Some cite the continued abuse that they receive on social media and through other channels from their constituents and the public in general as their reason for standing down, some cite the fact that they have received death threats whilst in office, and some cite their lack of belief in the system going forward. Some are retiring because they feel the time is right and no doubt there are a few that are taking the decision into their own hands because they already sense that their constituents have little intention of voting them back into office – thus saving themselves the ignominy of losing their seat.
So who’s standing down?
Well, at the time of writing, some 63 MPs have declared their intention not to stand although this may well increase further over the coming days as the closing date for nominations approaches.
Of those 63, some 28 are from the Conservative party, 20 are current Labour MPs, nine are classed as independents, three are Liberal Democrats two represent Change UK and the final MP standing down is the Speaker, John Bercow.
Some of the high profile names that have already declared that they will not stand for re-election include Father of the House, a title given to him as the longest serving MP and that is Kenneth Clarke. Mr Clarke has been a serving MP for over 50 years now, but controversially had the Tory Whip removed from him by prime minister, Boris Johnson recently when he was one of 21 Tory MPs who rebelled against the government in a Brexit vote in the commons.
Amongst other high profile Tory MPs to announce that they would stand down was Amber Rudd, former Home Secretary and recently a member of the Cabinet as Works & Pensions Minister. She was another that lost the Tory Whip after voting against the Government recently, although she did say that her time in politics was not finished. Alongside her, was the former Culture Secretary, Nicky Morgan, David Liddington who for 18 months was effectively Deputy Prime Minister to Theresa May until her resignation earlier this year and Rory Stewart who stood in the recent election to replace Mrs May as leader of the party and therefore prime minister. Mr Stewart has stood down to concentrate on his bid to become London Mayor.
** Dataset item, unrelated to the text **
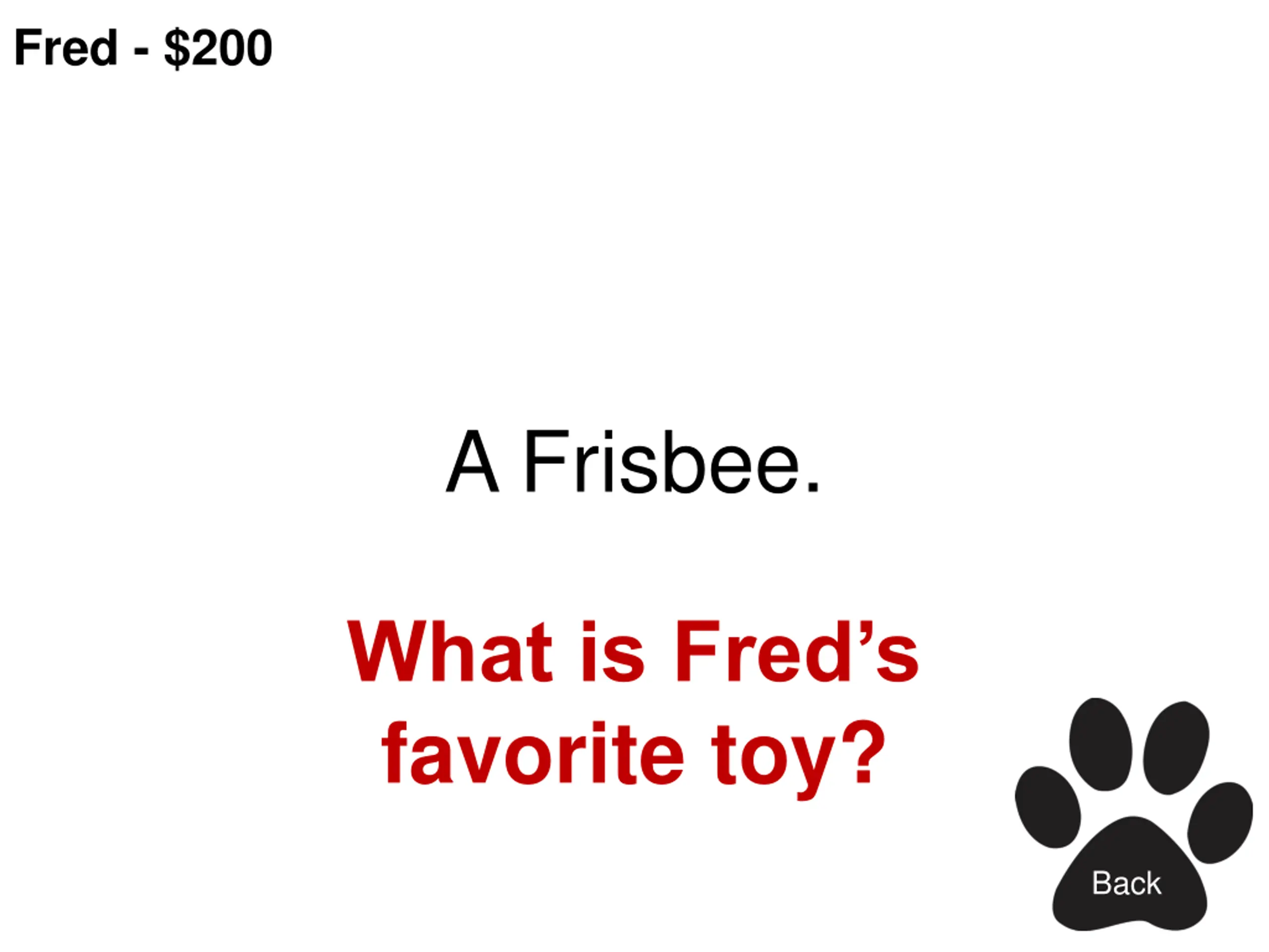 Fred - $200 A Frisbee. What is Fred s favorite toy? Back Back

On the Labour benches, some high profile names are also standing down, amongst them former Sports Minister, Kate Hoey who was elected as an MP in 1989 and served in Tony Blair’s government. She is a strong Brexiteer, despite the fact that her constituency voted emphatically to Remain in the referendum and had recently faced criticism, including a vote of no confidence from her constituents for taking a stance that was opposite to the views of the majority of the people she represents.
Another long standing Labour MP who is standing down due to ill health is Geoffrey Robinson who has served Coventry North for some 42 years having first been elected to Parliament in 1976.
And on the Liberal side, the name that most people will recognize who is quitting Parliament at this election is Sir Vince Cable, former leader of the party who was succeeded by current leader Joe Swinson in July of this year.
But is it unusual?
Well the simple answer to that is no. The 66 announced so far is not, generally speaking, a high number. For example, for the 2010 election some 149 sitting MPs decided not to stand again, although cynics might say that this was as a direct result of the “expenses” scandal that rocked parliament the year before. The 2015 election saw 90 MPs stand down.
Is it a good thing?
Well, the answer to that question is only time will tell. What it will mean though is that a new breed of MPs will enter parliament who will have new ideas and no doubt new ways of doing things. That might help us get over the current impasse that we see over Brexit or it may not – whatever happens though, one thing is certain – and that politics in this country is changing and that can only be a good thing!